I don’t need most of the Anaconda distribution and want to use a lighter-weight base image¶
Instead of using the full Anaconda distribution, use a base Docker image that only includes the conda
package manager:
# Dockerfile
FROM continuumio/miniconda3:latest
ENV PATH=/opt/conda/bin/:${PATH}
RUN pip install --no-cache-dir htmap
ARG USER=htmap
RUN groupadd ${USER} \
&& useradd -m -g ${USER} ${USER}
USER ${USER}
From here, install your particular dependencies as above.
If you prefer to not use conda
, an even-barer-bones image could be produced from
# Dockerfile
FROM python:latest
RUN pip install --no-cache-dir htmap
ARG USER=htmap
RUN groupadd ${USER} \
&& useradd -m -g ${USER} ${USER}
USER ${USER}
We use python:latest
as our base image, so we don’t have conda
anymore.
I want to use a Python package that’s not on PyPI or Anaconda¶
Perhaps you’ve written a package yourself, or you want to use a package that is only available as source code on GitHub or a similar website.
There are multiple way to approach this, most of them roughly equivalent.

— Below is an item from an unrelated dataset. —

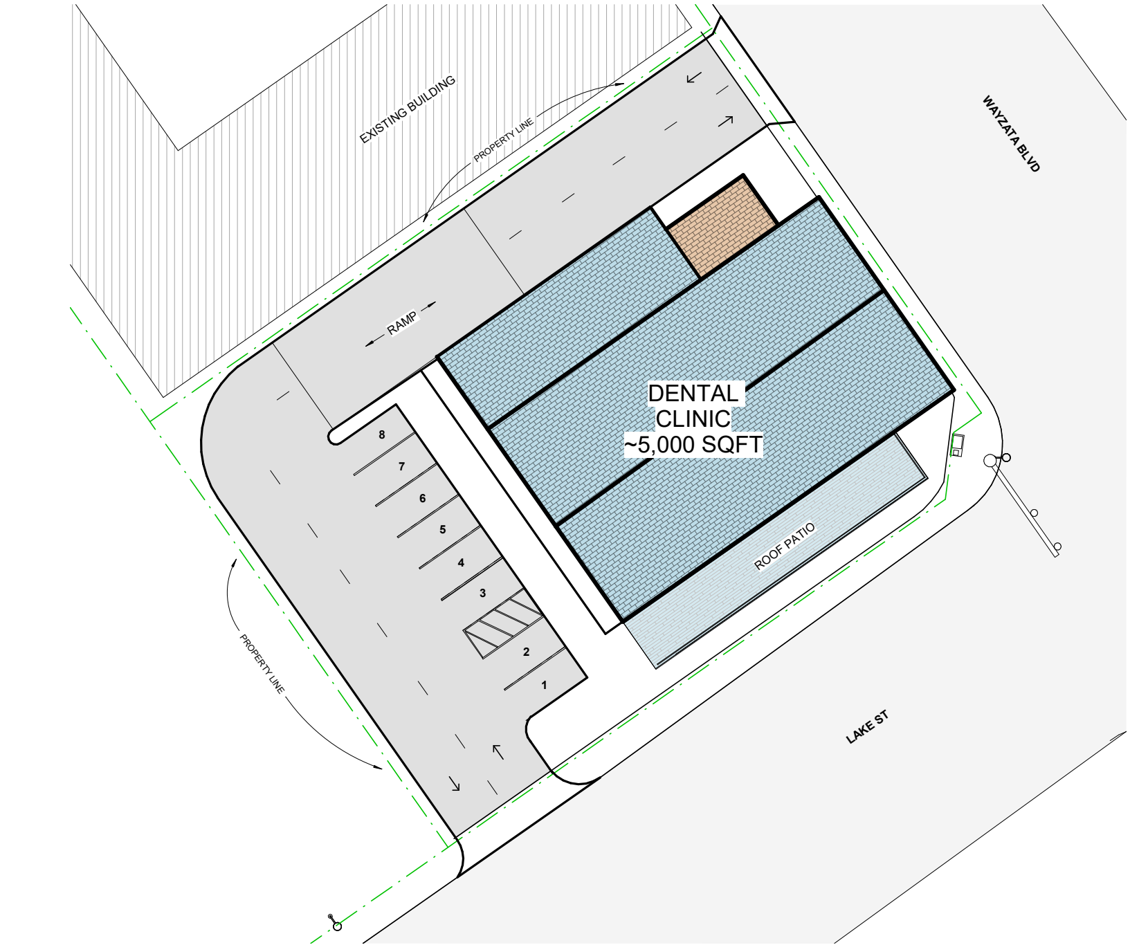
1 SITE PLAN A200 1/16" = 1'-0"

The first step for all of them is to write a setup.py
file for your package.
Some instructions for writing a setup.py
can be found here.
Once you have a working setup.py
, there are various ways to proceed, in reverse order of complexity:
Upload your package to PyPI and
pip install <package>
as in previous sections. This is the least flexible because you’ll need to upload to PyPI every time your update your package. If you don’t own the package, you shouldn’t do this!Upload your package to a publicly-accessible version control repository and use pip’s VCS support to install it (for example, if your package is on GitHub, something like
pip install git+https://github.com/<UserName>/<package>.git
).Use the
COPY
build instruction to copy your package directly into the Docker image, thenpip install <path/to/dir/containing/setup.py>
as aRUN
instruction. Note that your package will need to be in the Docker build context (see the docs for details).
I want to use a base image that doesn’t come with Python pre-installed¶
Say you have an existing Docker image that you need to use (maybe it includes non-Python dependencies that you aren’t sure how to install yourself).
You need to add Python to this image so that you can run your own code in it.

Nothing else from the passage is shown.